Readiness, ripeness: Гамлет, Лир

I
«The readiness is all» («Главное — быть готовым») — к такому выводу приходит Гамлет, соглашаясь выйти на поединок с Лаэртом, пусть и не без дурного предчувствия, которое он подавляет. А в конце «Короля Лира» Эдгар, сын герцога Глостера, предотвращающий самоубийство отца, уверяет: «Ripeness is all» («Главное — наша зрелость»[1]). Эти две фразы так похожи и, учитывая моменты, когда они звучат, так важны для понимания смысла обеих пьес, что напрашивается вопрос: не умышленно ли Шекспир их сопоставляет? И не стоит ли за этим сопоставлением одно из наиболее существенных противоречий, определяющих его поэтику? Я попытаюсь понять, что именно значит «состояние готовности» в «Гамлете» и «зрелость» — в «Короле Лире».
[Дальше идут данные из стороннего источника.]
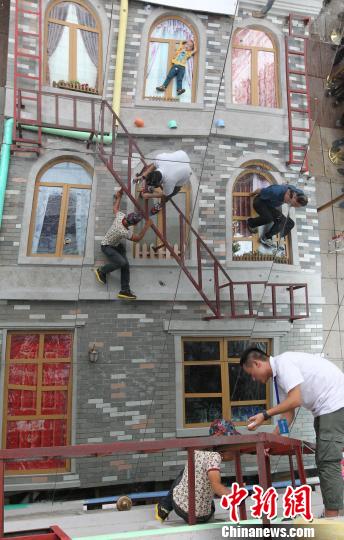 图为重庆市民在“反射视觉幻象房子”中体验“盗梦空间”。周毅 摄
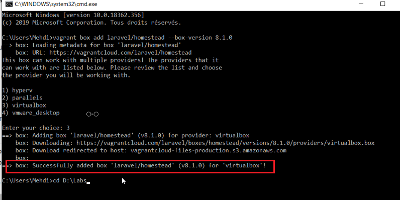 我已经为Laravel安装了一个Vagrant,遵循以下命令:vagrant box add laravel/homestead --box-version 8.1.0 (成功添加了box )
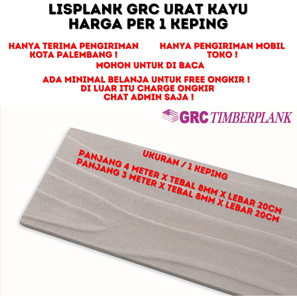 GRC Lisplank Serat Kayu Lebar 20CM Panjang 3M 4M Khusus Antar TOKO
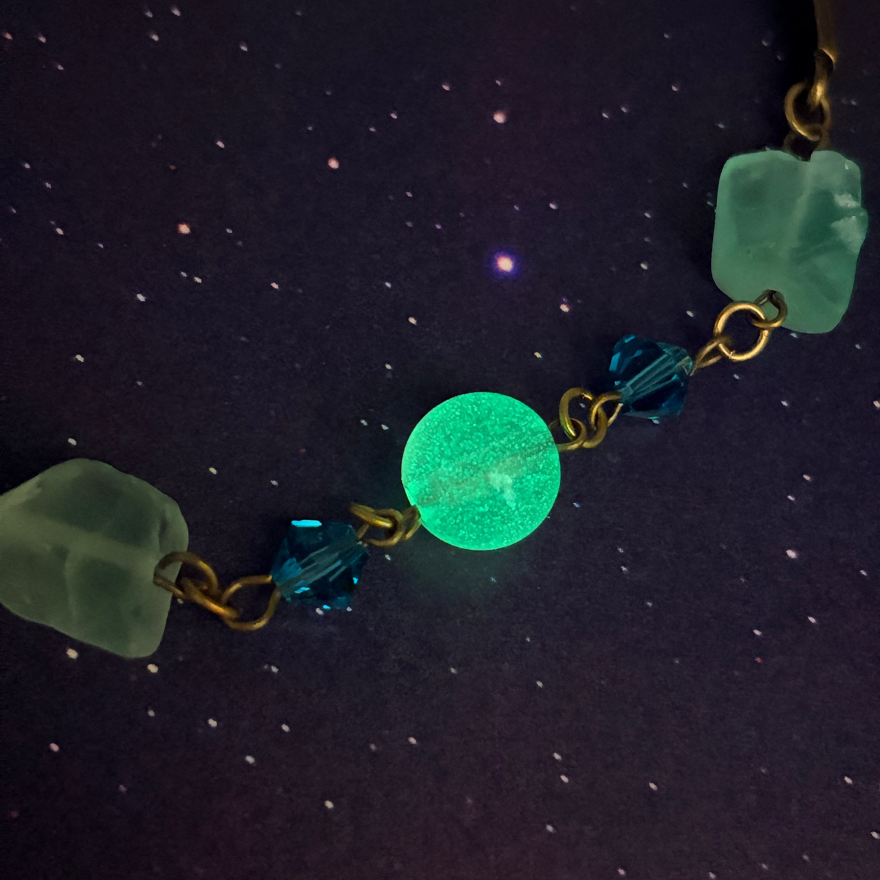故郷を救うために宇宙でがんばるお話です。 フローライトと貴和クリスタル、蓄光ビーズのブレスレットです。 蓄光ビーズは強い光を当てると暗闇で光ります。 【サイズ】 直径:約8センチ(アジャスターあり) ※ゆったりめです。
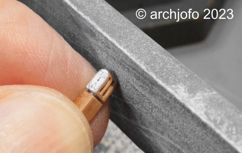 Die Länge der Geitaublöcke beträgt für die Großmarsrah fürs Modell  4 mm, wie auf dem nächsten Bild zu sehen. Daneben liegen bereits die Blockstroppen, vorbereitet zum einbinden.
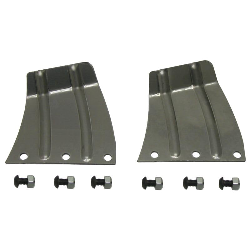 This image displays two identical ISE replacement blades, designed as uplift wings. Each blade is made of metal, featuring a curved shape with raised ridges for improved airflow and cutting efficiency. Below each blade are three sets of bolts and nuts, indicating the necessary hardware for installation.
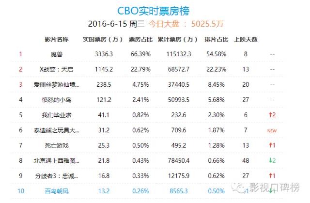 我们观察今日的票房,今日大盘5025.5万,魔兽独占3336.34万,票房占比高达66.39%,似乎很有看头,但相比前几天还是单日票房3亿,几天内回落到只有十分之一,不禁让人唏嘘。这几天网上疯传《魔兽》在中国五天逼近十亿元人民币票房(1.6亿美元),在北美却只获得2400万美元,中国票房约是北美四倍,这差距不禁让人感叹:《魔兽》是为中国观众独家订制的吗?
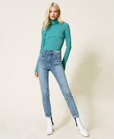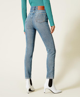 Vaqueros pitillo de la colección Actitude con lavado a la piedra, talle alto, cinco bolsillos, tachuelas en la parte delantera y logotipo en la parte trasera.

Сначала, впрочем, сделаю одно замечание, лишенное новизны, но, на мой взгляд, полезное для какого бы то ни было размышления над шекспировским творчеством. Вглядываясь в прошлое западного общества, мы обнаруживаем то там, то здесь — в любой плоскости, где это общество обретает собственную форму и, что еще важней, самосознание, — линию глубокого разлома, пролегающего между прежней, архаической, эпохой и тем, что можно назвать новым временем. «Прежняя эпоха» — это века, когда отношения, которые человек поддерживал с теми или иными элементами реальности, регулировались общим представлением обо всем сущем, о его единстве, воспринимаемом как некая жизнь, как живое присутствие. Каждый такой элемент был включен в известный, точно определенный порядок, который делал его, в свою очередь, частицей присутствия, как бы отдельной душой, способной ощущать и себя, и мир, среди других элементов, наделенных такой же жизнью, и придавал ему не подлежавший сомнению смысл. Наиболее важным и счастливым следствием этой упорядоченности и осмысленности было то, что человеческая личность, сознававшая себя частью мира, а порой полагавшая себя его средоточием, не подвергала сомнению и собственное бытие, его абсолютное достоинство. Какими бы ни были взлеты и падения человека в те минуты, когда в его существование вмешивалась случайность, он в любых ситуациях мог и обязан был не забывать о своей сущности, сохранявшей в себе искру божественного начала: именно к этому сводится учение средневекового христианства и его теологии спасения. Настал, однако, день, когда техника и наука начали различать в реальности, тут же сделавшейся всего лишь их объектом, свойства, которые уже не вписывались в традиционные смысловые структуры. Единый порядок распался на фрагменты, земля знаков и обетований стала природой, жизнь — материей, самосознание личности — загадкой, человеческая судьба — одиночеством. Это и был разлом, о котором я говорю, в то время еще не вызвавший, однако, полного оседания грунта.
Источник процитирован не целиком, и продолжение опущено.